*** Provided data ***
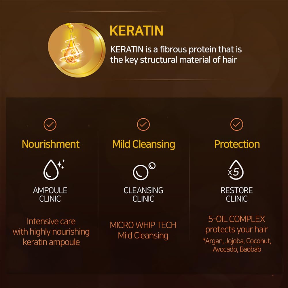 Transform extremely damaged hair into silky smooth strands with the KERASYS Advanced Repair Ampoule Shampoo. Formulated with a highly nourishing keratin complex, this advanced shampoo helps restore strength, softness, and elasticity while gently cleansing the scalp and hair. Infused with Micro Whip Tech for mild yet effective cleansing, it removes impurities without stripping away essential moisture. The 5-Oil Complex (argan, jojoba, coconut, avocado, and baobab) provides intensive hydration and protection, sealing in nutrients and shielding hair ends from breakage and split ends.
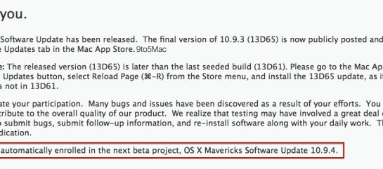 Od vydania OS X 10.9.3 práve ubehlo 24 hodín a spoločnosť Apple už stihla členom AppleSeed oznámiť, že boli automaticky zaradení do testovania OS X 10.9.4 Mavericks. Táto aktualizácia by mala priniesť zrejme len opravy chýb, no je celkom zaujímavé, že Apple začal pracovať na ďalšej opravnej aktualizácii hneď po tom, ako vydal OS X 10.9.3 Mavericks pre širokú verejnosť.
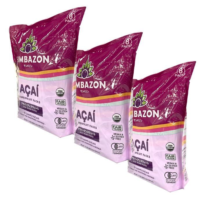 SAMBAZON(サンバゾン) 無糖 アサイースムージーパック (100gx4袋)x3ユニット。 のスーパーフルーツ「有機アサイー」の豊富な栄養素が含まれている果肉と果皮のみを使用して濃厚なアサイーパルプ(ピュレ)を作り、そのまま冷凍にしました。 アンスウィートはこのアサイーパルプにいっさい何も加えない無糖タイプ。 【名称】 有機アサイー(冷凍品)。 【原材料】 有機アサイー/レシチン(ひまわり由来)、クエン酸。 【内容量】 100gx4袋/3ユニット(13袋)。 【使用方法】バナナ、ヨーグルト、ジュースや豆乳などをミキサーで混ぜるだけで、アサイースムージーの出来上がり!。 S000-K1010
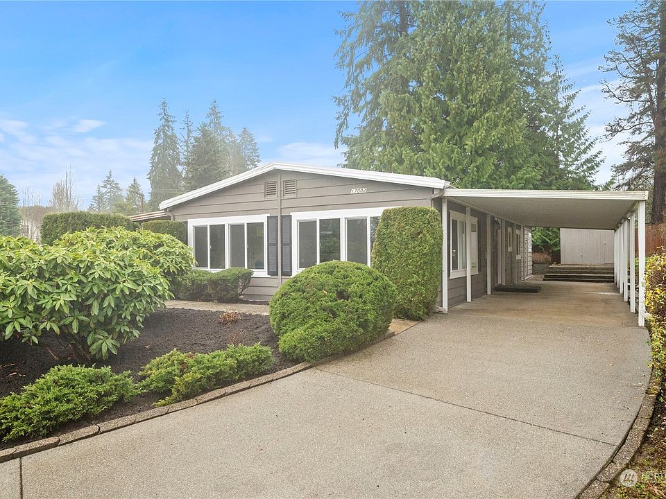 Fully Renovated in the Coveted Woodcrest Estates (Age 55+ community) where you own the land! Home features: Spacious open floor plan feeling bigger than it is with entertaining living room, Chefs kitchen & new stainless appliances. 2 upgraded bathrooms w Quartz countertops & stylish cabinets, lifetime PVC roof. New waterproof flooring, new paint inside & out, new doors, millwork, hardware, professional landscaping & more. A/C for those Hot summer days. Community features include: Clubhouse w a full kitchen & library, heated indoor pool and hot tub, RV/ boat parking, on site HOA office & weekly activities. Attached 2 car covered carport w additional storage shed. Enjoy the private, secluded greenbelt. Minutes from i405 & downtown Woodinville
*** End of Provided data ***
● Exercise: Word for word, restate all of the material above except its pictures.

● Task solution:
 Transform extremely damaged hair into silky smooth strands with the KERASYS Advanced Repair Ampoule Shampoo. Formulated with a highly nourishing keratin complex, this advanced shampoo helps restore strength, softness, and elasticity while gently cleansing the scalp and hair. Infused with Micro Whip Tech for mild yet effective cleansing, it removes impurities without stripping away essential moisture. The 5-Oil Complex (argan, jojoba, coconut, avocado, and baobab) provides intensive hydration and protection, sealing in nutrients and shielding hair ends from breakage and split ends.
 Od vydania OS X 10.9.3 práve ubehlo 24 hodín a spoločnosť Apple už stihla členom AppleSeed oznámiť, že boli automaticky zaradení do testovania OS X 10.9.4 Mavericks. Táto aktualizácia by mala priniesť zrejme len opravy chýb, no je celkom zaujímavé, že Apple začal pracovať na ďalšej opravnej aktualizácii hneď po tom, ako vydal OS X 10.9.3 Mavericks pre širokú verejnosť.
 SAMBAZON(サンバゾン) 無糖 アサイースムージーパック (100gx4袋)x3ユニット。 のスーパーフルーツ「有機アサイー」の豊富な栄養素が含まれている果肉と果皮のみを使用して濃厚なアサイーパルプ(ピュレ)を作り、そのまま冷凍にしました。 アンスウィートはこのアサイーパルプにいっさい何も加えない無糖タイプ。 【名称】 有機アサイー(冷凍品)。 【原材料】 有機アサイー/レシチン(ひまわり由来)、クエン酸。 【内容量】 100gx4袋/3ユニット(13袋)。 【使用方法】バナナ、ヨーグルト、ジュースや豆乳などをミキサーで混ぜるだけで、アサイースムージーの出来上がり!。 S000-K1010
 Fully Renovated in the Coveted Woodcrest Estates (Age 55+ community) where you own the land! Home features: Spacious open floor plan feeling bigger than it is with entertaining living room, Chefs kitchen & new stainless appliances. 2 upgraded bathrooms w Quartz countertops & stylish cabinets, lifetime PVC roof. New waterproof flooring, new paint inside & out, new doors, millwork, hardware, professional landscaping & more. A/C for those Hot summer days. Community features include: Clubhouse w a full kitchen & library, heated indoor pool and hot tub, RV/ boat parking, on site HOA office & weekly activities. Attached 2 car covered carport w additional storage shed. Enjoy the private, secluded greenbelt. Minutes from i405 & downtown Woodinville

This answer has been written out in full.